April 10 at 1:30 PM - 2:30 PM
: Generative priors are effective countermeasures to combat the curse of dimensionality, and enable efficient learning and inversion that otherwise are ill-posed, in data science. This talk begins with the classical low-rank prior, and introduces scaled gradient descent (ScaledGD), a simple iterative approach to directly recover the low-rank factors for a wide range of matrix and tensor estimation tasks. ScaledGD provably converges linearly at a constant rate independent of the condition number at near-optimal sample complexities, while maintaining the low per-iteration cost of vanilla gradient descent, even when the rank is overspecified and the initialization is random. Going beyond low rank, the talk discusses diffusion models as an expressive data prior in inverse problems, and introduces a plug-and-play posterior sampling method (Diffusion PnP) that alternatively calls two samplers, a proximal consistency sampler solely based on the forward model, and a denoising diffusion sampler solely based on the score functions of data prior. Performance guarantees and numerical examples will be demonstrated to illustrate the promise.
Yuejie Chi
Sense of Wonder Group Endowed Professor of Electrical and Computer Engineering in AI Systems, Canregie Mellow University
Dr.
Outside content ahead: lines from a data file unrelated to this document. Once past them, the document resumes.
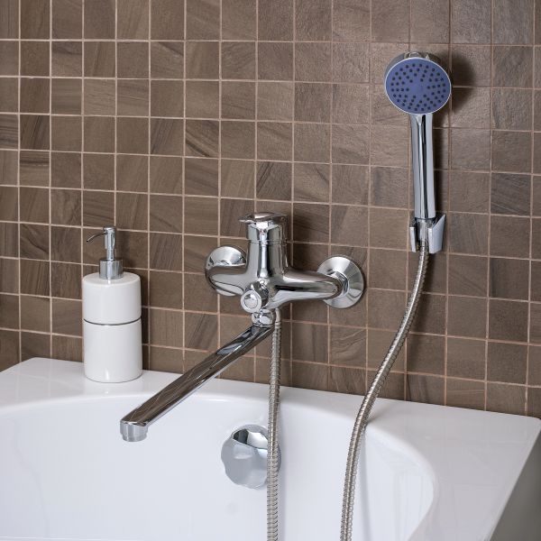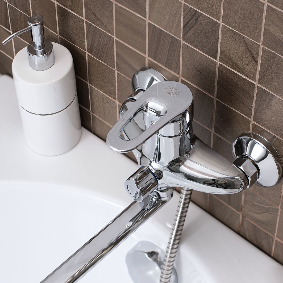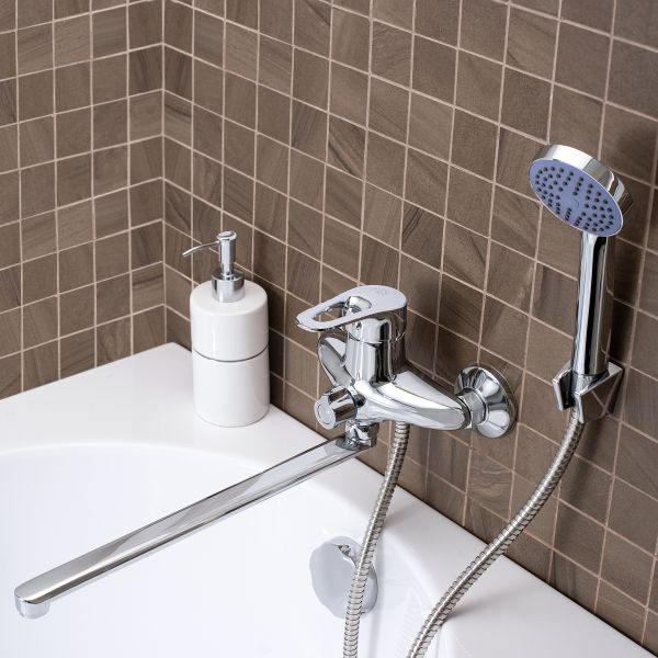 Однорычажный смеситель для ванной комнаты прекрасно впишется в интерьер. Обладает коротким фиксированным изливом, что отлично подходит для отдельно стоящей ванной.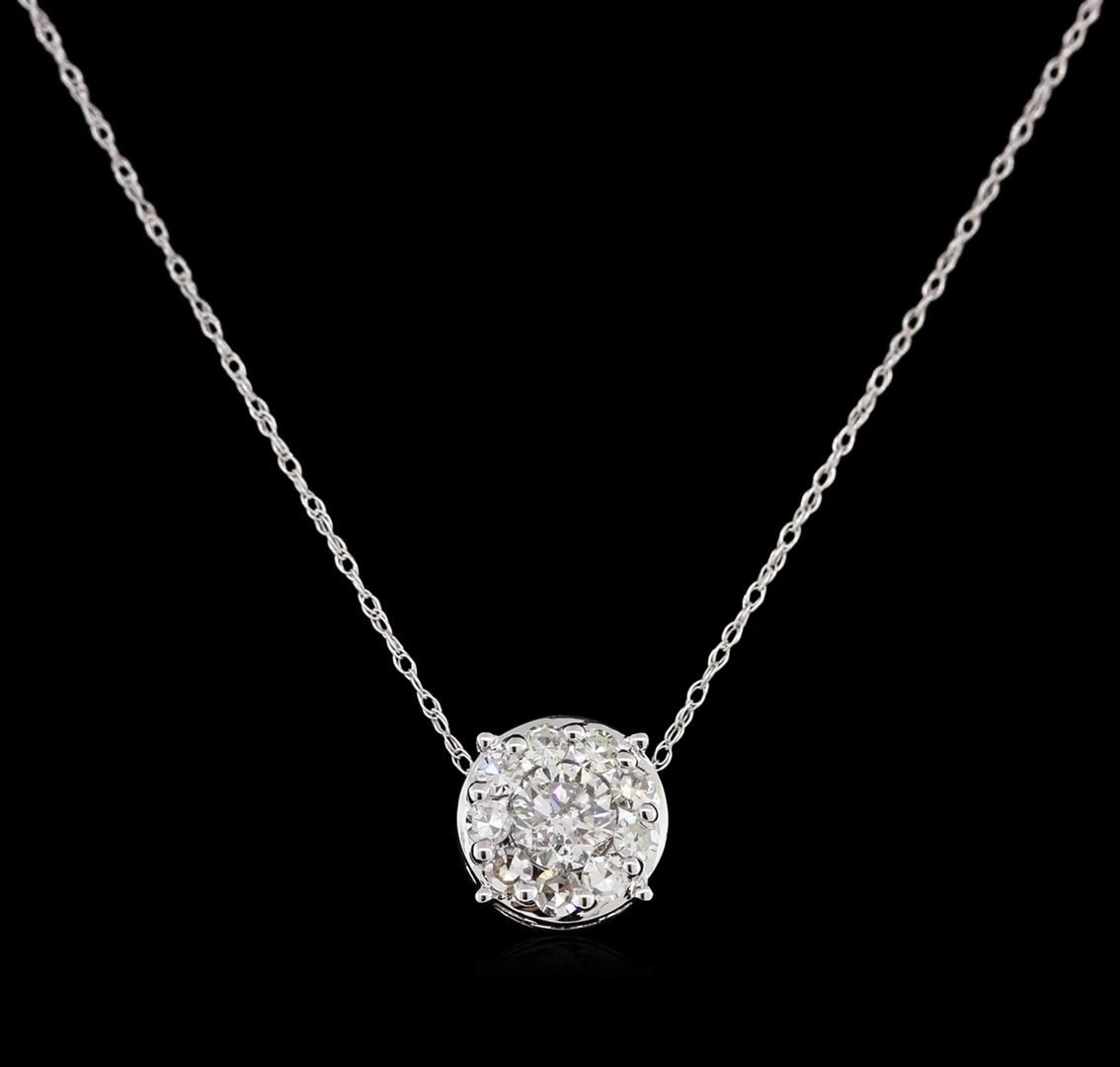One pendant with chain featuring: 14KT white gold weighing 1.90 grams containing one diamond center stone with a total weight of 0.40ct and diamond side stones with a total weight of 0.30ct.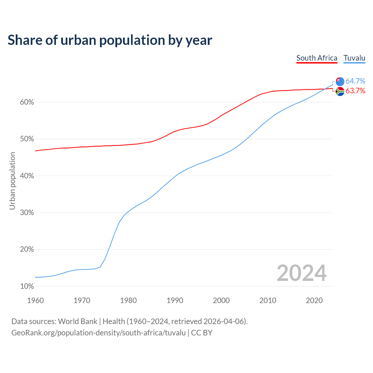 From 2004 to 2024, the share of urban population changed from 59.1% to 63.7% in South Africa and from 48.4% to 64.7% in Tuvalu.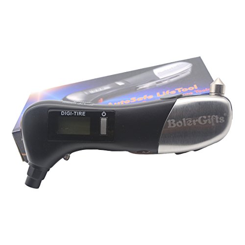 BolerGifts 9 in 1 150PSI Digital Tire Pressure Gauge with Safety Hammer Flashlight Red Warning Light and Seatbelt Cutter for Vehicles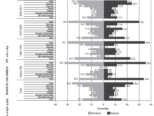 Los lugares también pueden estar indicando un proceso de institucionalización en las formas de interacción sexual. En los últimos veinticinco años se evidencia en el Eje Cafetero una mayor institucionalización de la vida erótica y afectiva entre personas con prácticas homoeróticas concentrada en los contextos urbanos7, con mayor predominio en los hombres y expresada en la preponderancia de los bares gais y la internet, en detrimento de la calle, como escenarios que posibilitan el surgimiento de relaciones de pareja. En las mujeres aún existe un predominio de los escenarios de interacción socio-sexual "cara a cara" (ver la figura 3).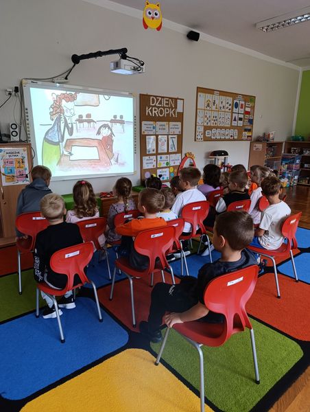 Dzień Kropki jest to dzień odwagi i zabawy. Tego dnia nasze "Biedronki" wypełnione były kolorowymi kropkami. Na zajęciach poznały genezę tego święta. Dzieci uważnie wysłuchały opowiadania, jak to zwyczajna kropka zmieniła świat małej dziewczynki o imieniu Vashti. Historia ta uświadomiła przedszkolakom, że każdy z nas ma jakieś ukryte zdolności, TALENT.Tego dnia również dostrzegaliśmy kropki tam, gdzie wcześniej nikt na nie nie zwracał uwagi. Okazało się, że kropki towarzyszą nam w naszym codziennym życiu.

Yuejie Chi is the Sense of Wonder Group Endowed Professor of Electrical and Computer Engineering in AI Systems at Carnegie Mellon University, with courtesy appointments in the Machine Learning department and CyLab. She received her Ph.D. and M.A. from Princeton University, and B. Eng. (Hon.) from Tsinghua University, all in Electrical Engineering. Her research interests lie in the theoretical and algorithmic foundations of data science, signal processing, machine learning and inverse problems, with applications in sensing, imaging, decision making, and generative AI. Among others, Dr. Chi is a recipient of the Presidential Early Career Award for Scientists and Engineers (PECASE), the inaugural IEEE Signal Processing Society Early Career Technical Achievement Award for contributions to high-dimensional structured signal processing, and multiple paper awards including the SIAM Activity Group on Imaging Science Best Paper Prize and IEEE Signal Processing Society Young Author Best Paper Award. She is an IEEE Fellow (Class of 2023) for contributions to statistical signal processing with low-dimensional structures.